Lea Oxenhandler and Benjamin Halpern were announced today as the winners of the very first Architectural Record Traveling Fellowship, which the magazine established in celebration of their 125th anniversary. The fellowship will fund the travel expenses of Oxenhandler and Halpern as they each journey overseas to conduct research for their projects, which address architecture's interdisciplinary applications.
Thirty-year-old Lea Oxenhandler will travel to Tokyo, Osaka, and Kyoto to study the relationship between Japanese Metabolism and the housing market. After noticing Tokyo's lower homelessness rates compared to New York's, she believes the abundant temporary housing produced by the Metabolists is a contributing factor, and she would like to further investigate how similar concepts can potentially be applied in the U.S. Oxenhandler is currently an architectural fellow at the community development non-profit People’s Emergency Center in West Philadelphia.

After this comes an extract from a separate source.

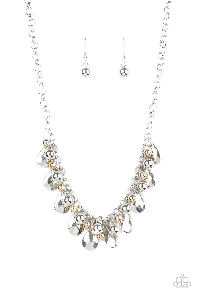 A collection of shiny silver and glistening gold beads join faceted silver teardrops along the bottom of a bold silver chain, creating an edgy fringe below the collar. Features an adjustable clasp closure.

Twenty-nine-year-old Benjamin Halpern will travel to nine cities in Western Europe to develop an “alternative tourist literature”, in response to the typical tourist itinerary, which are only limited representations of a city. Halpern first explored the idea while working on his master's thesis at Harvard GSD. As he travels through each city, he will interact with local people and research specific structures to create his own travel brochures. Halpern is a designer at New York-based Para-Project.
The recipients will complete their travels before September 2018.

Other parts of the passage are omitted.